The prison of Matthioli, in the fortress of St. Marguerite, is now, for the first time, engraved from an original sketch. It is one of a series of five, built in a row on the scarp of the rocky cliff. The walls are fourteen feet thick; there are three rows of strong iron gratings placed equidistant within the arched window of Matthioli’s room, a large apartment with vaulted roof, and no feature to bleak its monotony, except a small fireplace beside the window, and a few shelves above it. The Bay of Cannes, and the beautiful range of the Esterel mountains, may be seen from the window; a lovely view, that must have given but a maddening sense of confinement to the solitary prisoner.

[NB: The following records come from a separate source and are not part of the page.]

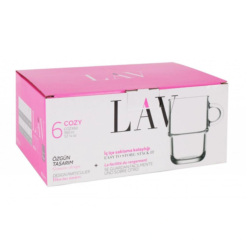Set 6 Mugs 360Cc Apilables Co Vidrio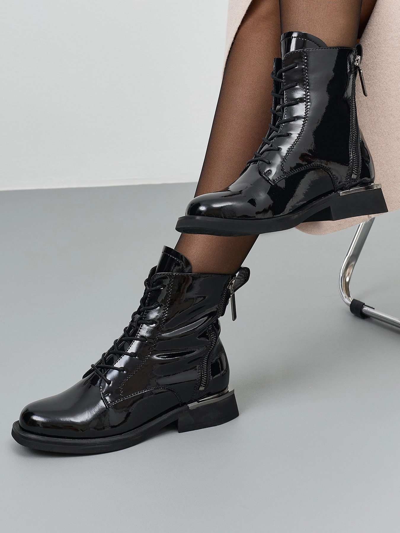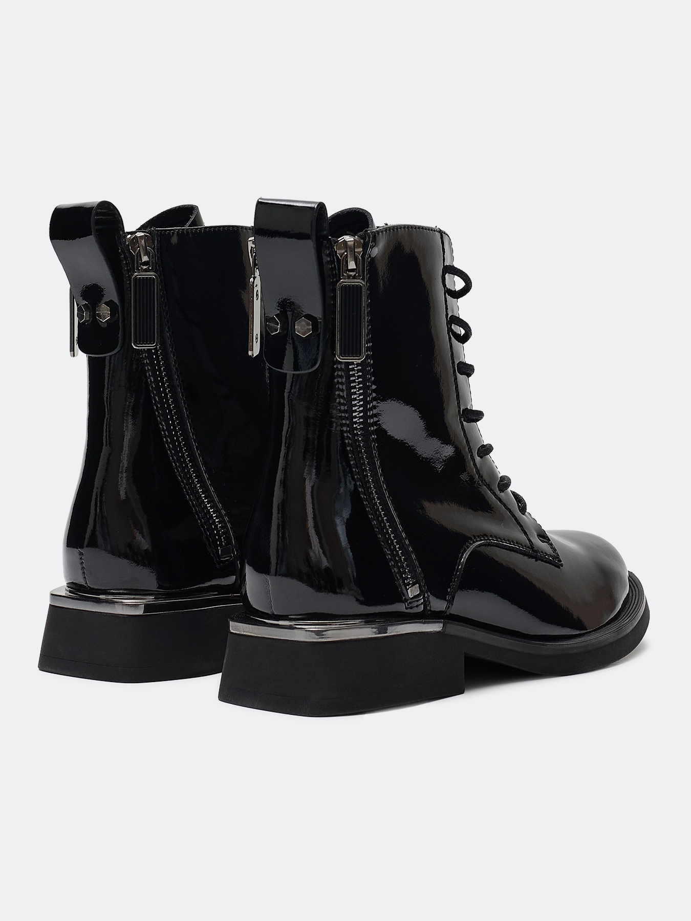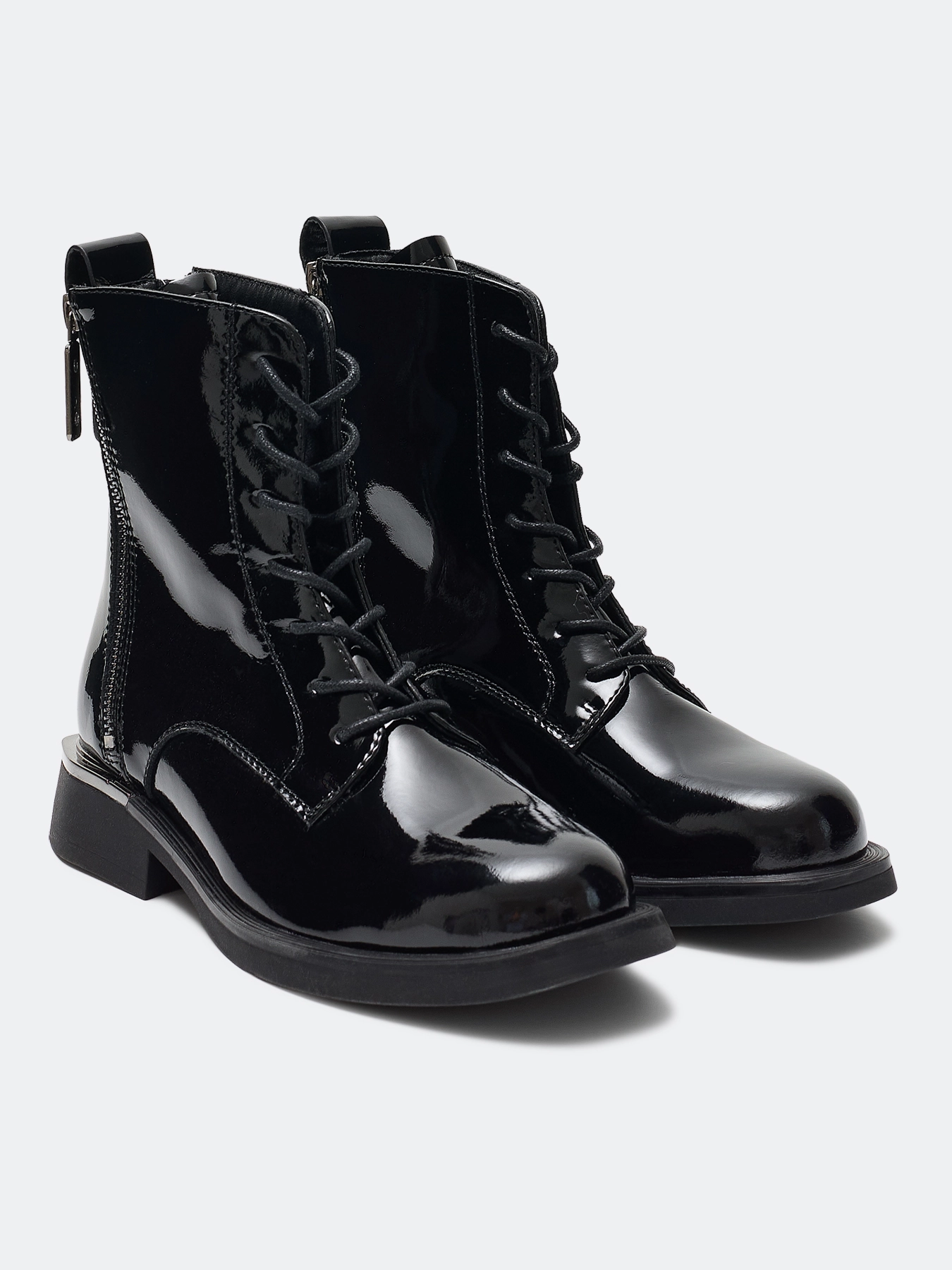 Лаковые ботинки из натуральной кожи на шнурках. Строгий заостренный мыс. Застежка на молнию с внутренней стороны. Дополнительная декоративная молния с внешней стороны. Хлястик для удобства надевания. Подкладка из теплого текстиля. Подошва и устойчивый каблук из термопластичной резины.
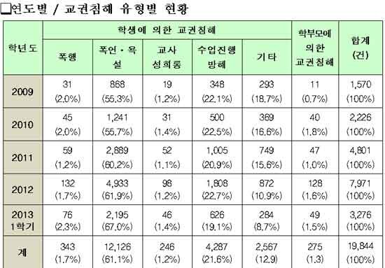 국회 교육문화체육관광위원회 소속 민주당 윤관석 국회의원(인천 남동을)이 교육부 국정감사 자료를 통해 밝힌 지난 4년간 초·중·고등학교의 교권침해 사례는 총 1만 6568건으로 2009년 1570건, 2010년 2226건, 2011년 4801건, 2012년 7971건으로 매년 증가했다. 2013년 1학기만 해도 이미 3276건의 교권침해 사례가 발생했다.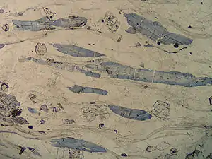 When rocks are metamorphosed by pressure as well as heat, they undergo foliation, in which sheet silicates, if they are present in the rock, rearrange themselves so that the sheets are at right angles to the direction of pressure. The picture to the right shows a view of foliation under a microscope.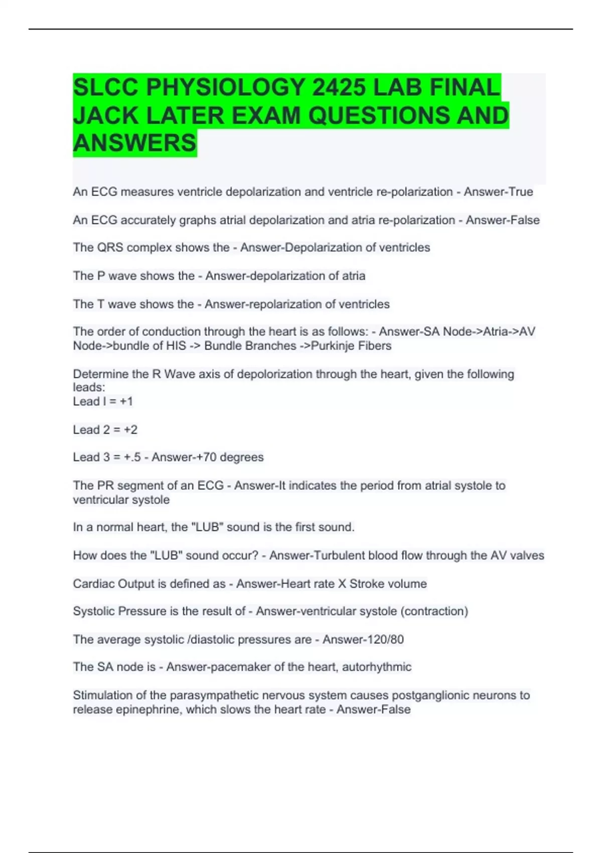 SLCC PHYSIOLOGY 2425 LAB FINAL JACK LATER EXAM QUESTIONS AND ANSWERS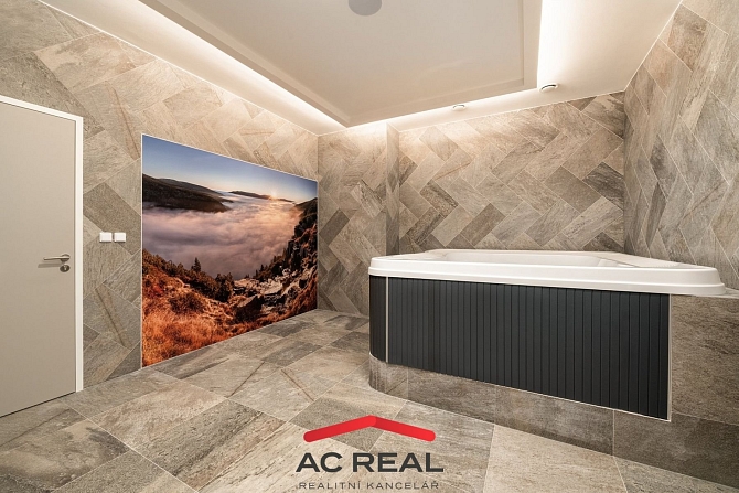 Technický standard: čipový vstupní systém, podlahové topení s ovládáním přes mobil, venkovní žaluzie, centrální rekuperace, dřevěné podlahy Kährs, koupelny: Villeroy and Boch, Kaldewei, Hansgrohe.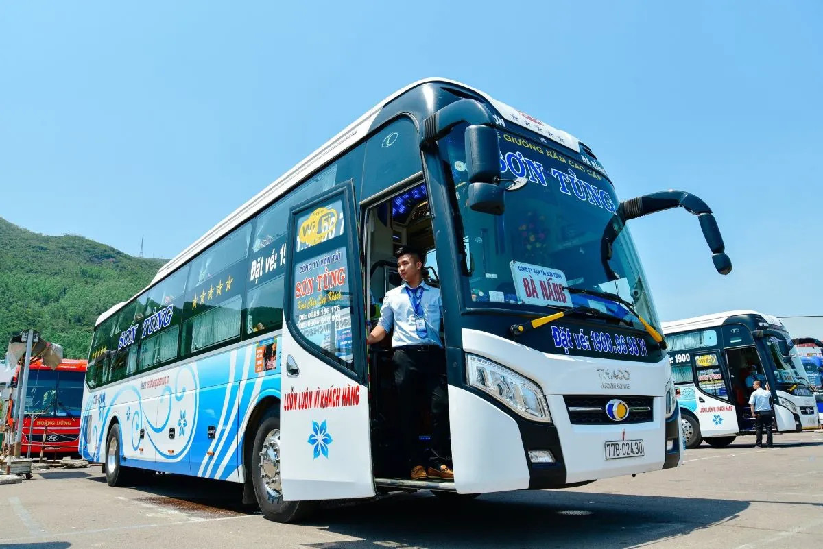Hình ảnh xe khách Sơn Tùng, minh họa phương tiện di chuyển phổ biến trên tuyến đường bình định đến đà nẵng, cung cấp dịch vụ vận tải hành khách chất lượng.
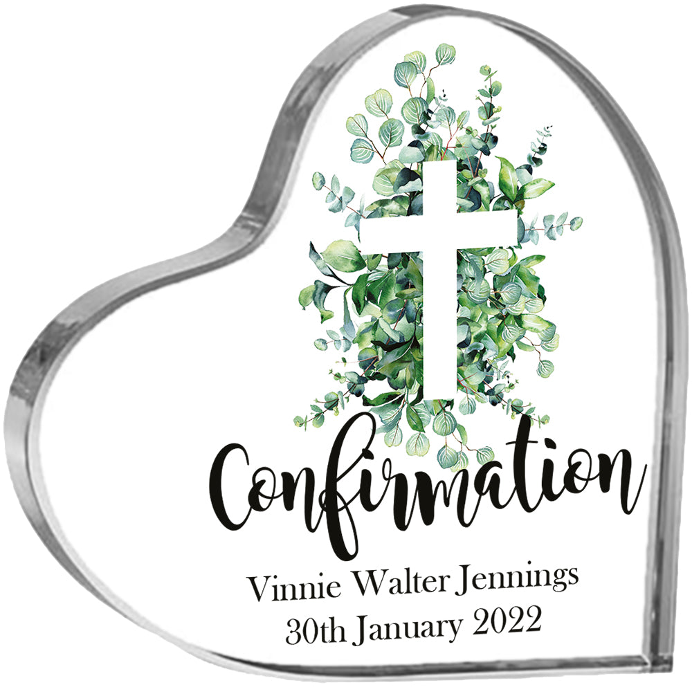 This heart in gift box is a perfect way to create a lasting memory for a special Confirmation. Made with a charming Green Leaf cross, this personalised heart block is a beautiful centrepiece for any room. Made with thick acrylic, it's a thoughtful and unique gift that will be cherished for years to come. Give the gift of love and faith with this Personalised Confirmation Heart Block.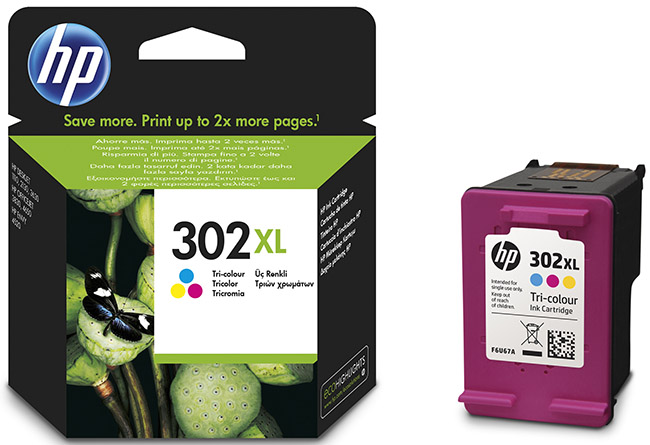 Alkuperäinen riittoisa HP 302XL mustekasetti (syaani, magenta, keltainen) monille HP-mustesuihkutulostimille. Noin 330 sivun tulostukseen.

It is on record, that his mind was seriously deranged during the early part of his imprisonment; what he became ultimately, when all hope failed, and a long succession of years deadened his senses, none can know—the secret died with his jailers.
There is a tradition, that he attempted to make his captivity known, by scratching his melancholy tale on a metal dish, and casting it from the window; that it was found by a fisherman of Cannes, who brought it to the governor, St. Mars, thereby jeopardising his own life or liberty, for he was at once imprisoned, and only liberated on incontestable proof being given of his inability to read. After this, all fishermen were prohibited from casting their nets within a mile of the island. Matthioli was debarred, on pain of death, from speaking to any but his jailer; he was conveyed from one dungeon to the other in a sedan-chair, closely covered with oil-cloth, into which he entered in his cell, where it was fastened so that no one should see him; his jailers nearly smothered him on his journey to St. Marguerite; and afterwards the black mask seems to have been adopted on all occasions of the kind. Lord Dover assures us, that it has been a popular mistake to affirm this famed mask was of iron; that, in reality, it was formed of velvet, strengthened by bands of whalebone, and secured by a padlock behind the head.
The same extraordinary precautions for concealment followed his death that had awaited him in life. The walls of his dungeon were scraped to the stone, and the doors and windows burned, lest any scratch or inscription should betray the secret. His bedding, and all the furniture of the room, were also burned to cinders, then reduced to powder, and thrown into the drains; and all articles of metal melted into an indistinguishable mass. By this means it was hoped that oblivion might surely follow one of the grossest acts of political cruelty in the dark record of history.